I'm a little late to the discussion of everything, buuuut...
Wordle: I've played it a couple of times, but that's about it. The "Look how well I did!" stuff is clever promotion, but if I'm going to boast about something, I'd rather boast about my willingness to waste time turning it into an utter farce:
Reading: I used to spend more time reading than I have been for the past few years. I'd always have a current library card, and I'd spend a few hours (at least) on weekends at the library, reading and looking for interesting books to check out.
In recent years, though, I've shifted more to buying used books from thrift shops, Book-Off, and library sales, and reading those. During the past two years, it's all pretty much been Amazon and Ebay, but it's still the same thing: looking for interesting used books at a bargain price. There is still no substitute, however, for a well-funded system of public libraries.
I read mostly non-fiction (see spoiler below), and most of that is history, or history-related stuff. A few years ago, I got interested in the
Cambridge History of China, which runs to 17 physical volumes (one of which hasn't been published yet), and around 12,000 pages of actual text.
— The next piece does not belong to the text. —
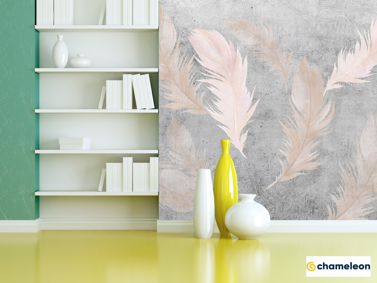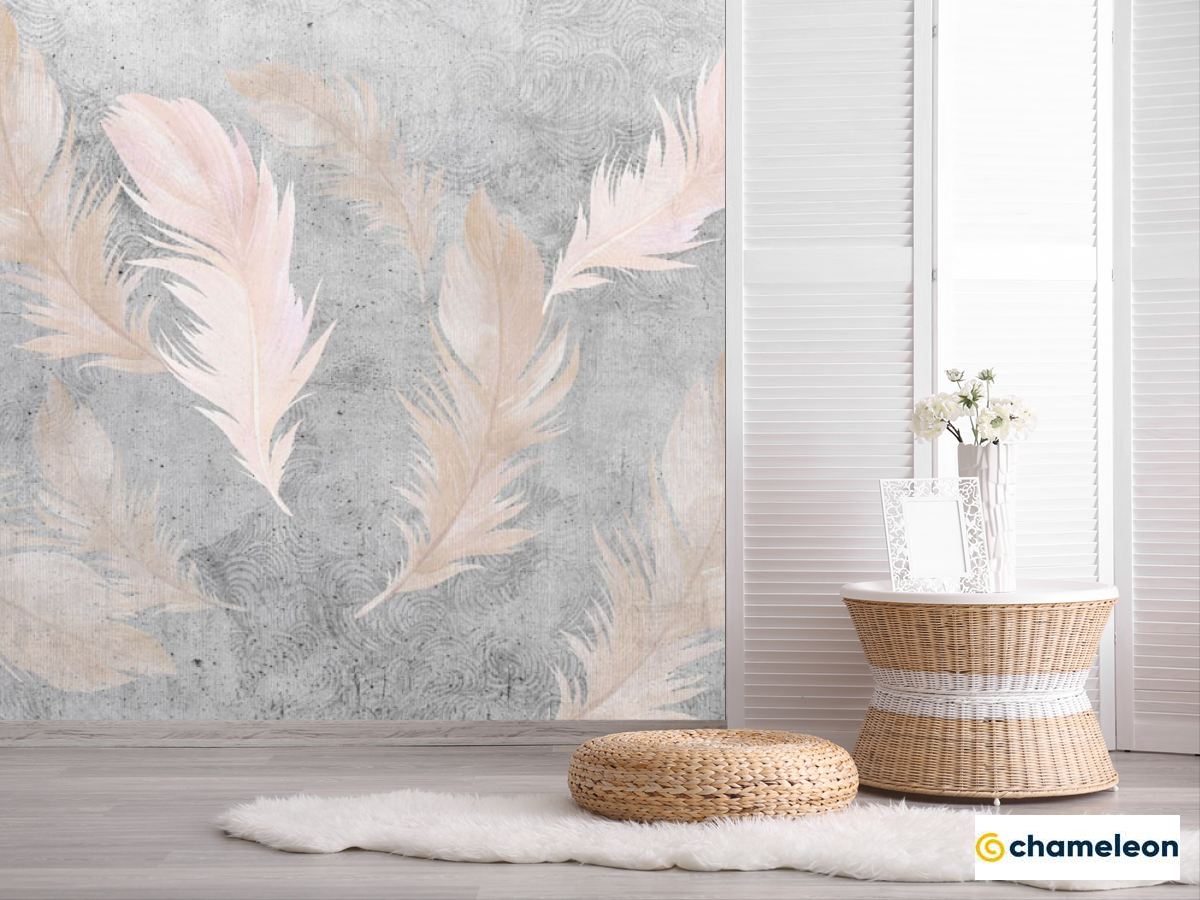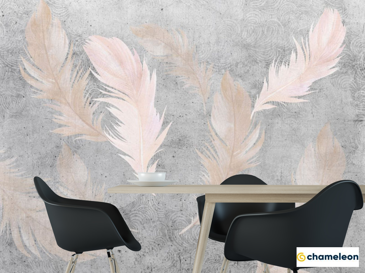 Фотошпалери «Фотошпалери рожеві пір'я на тлі бетону.», (арт. 33284) - купити в інтернет-магазині «Будинок Фотошпалер» Хамелеон

I started to buy volumes on Amazon and Ebay when I could find them at a reasonable price (which isn't always easy), and at this point, I've read a little over half of it (mostly in sequence). It's a mixture of narrative history and topical history/analysis, so it ranges from quite dry to not dry at all - a lot of the narrative history basically reads like a Game of Thrones / Foundation mashup (seiously, nothing can beat the Empress Wu!), and even the topical/analysis stuff is generally quite interesting.
I go through phases where I read a lot of fiction, and phases where I consciously avoid it. By itself, that's OK, but those "phases" can last for years, and at this point, I don't even consider my reasons for avoiding fiction to be sane or valid.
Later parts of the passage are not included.